The Raven (1915) poster

The Raven (1915)

Rating:


USA. 1915.

Crew

Director/Screenplay – Charles J. Brabin, Based on the Play and Novel The Raven: The Love Story of Edgar Allan Poe by George Cochran Hazelton. Production Company – Essanay Film Mgt Co.

Cast

Henry B. Walthall (Edgar Allan Poe), Wanda Howard (Virginia Clemm/Helen Whitman/Lenore/A Lost Spirit), Ernest Maupain (John Allan)


Plot

Edgar Poe is adopted by his stepfather and takes his name Allan. At college, he spends much time drinking and incurs gambling debts, forcing him to be sent back home. He marries Virginia Clemm but struggles to make a living as a writer. She then dies. Slumping into alcoholism, Poe has visions of a raven appearing to him and sees the ghost of Virginia beckoning from the afterlife.
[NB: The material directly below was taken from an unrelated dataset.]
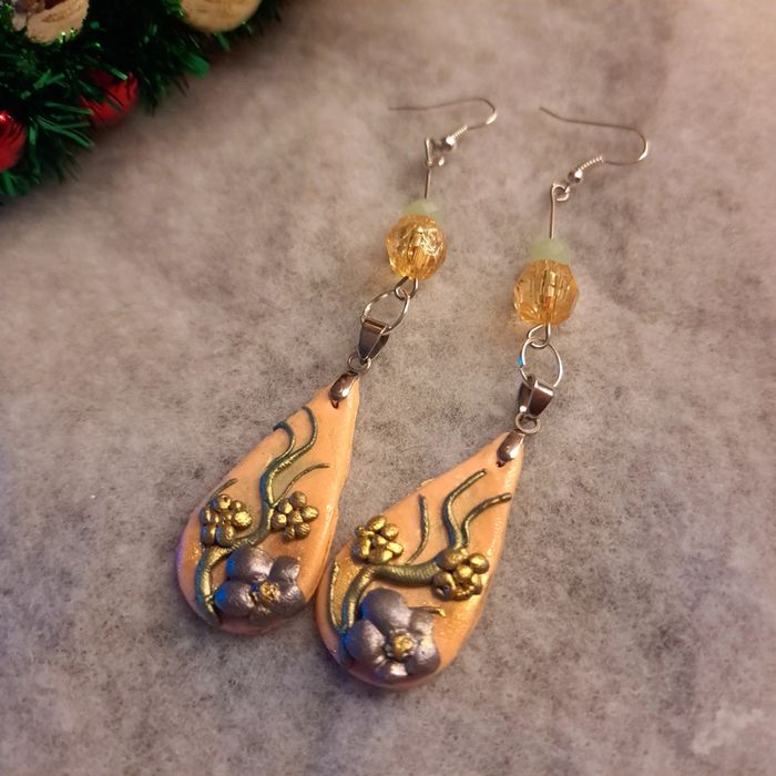 Boucles d'oreilles pendante avec pâte polymere forme gouttes florale fine et esprit bohème Unique et original
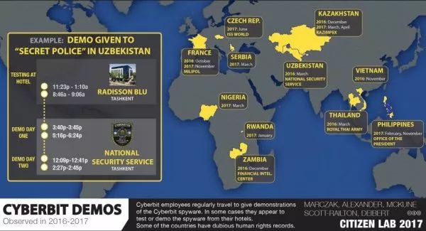在这些网络文件夹中,Citizen Lab 团队发现了他们需要了解的一切,包括含有攻击者 IP 地址的日志,以及埃塞俄比亚政府试图感染和监视的详细目标。值得注意的是,通过分析网络间谍活动的指挥和控制服务器,Citizen Lab 团队还监控到 Cyberbit 员工在感染笔记本电脑的情况下访问这些服务器,显然是向潜在客户展示 Cyberbit 的产品。据统计,Cyberbit 的这些客户包括泰国皇家军队、乌兹别克斯坦国家安全局、赞比亚金融情报中心和菲律宾总统马拉坎南宫。

This was one of several films based on Edgar Allan Poe’s poem The Raven (1845). The poem features an unnamed narrator who mourns his lost love Lenore and is interrupted by a raven that only speaks the word “nevermore.” There have been several film versions that take the title of the poem, although none of these bear the slightest resemblance to what the poem describes, featuring plots as diverse as The Raven (1935) with Bela Lugosi as a Poe-obsessed madman; Roger Corman’s The Raven (1963), a comedy about warring magicians; The Raven (2007) with a raven-masked killer attacking people at a ball in the present; and The Raven (2012) with Poe himself trying to stop a serial killer influenced by his work. In fact, this version can be considered the only one of the films bearing the title that has anything in it that resembles the substance of the poem.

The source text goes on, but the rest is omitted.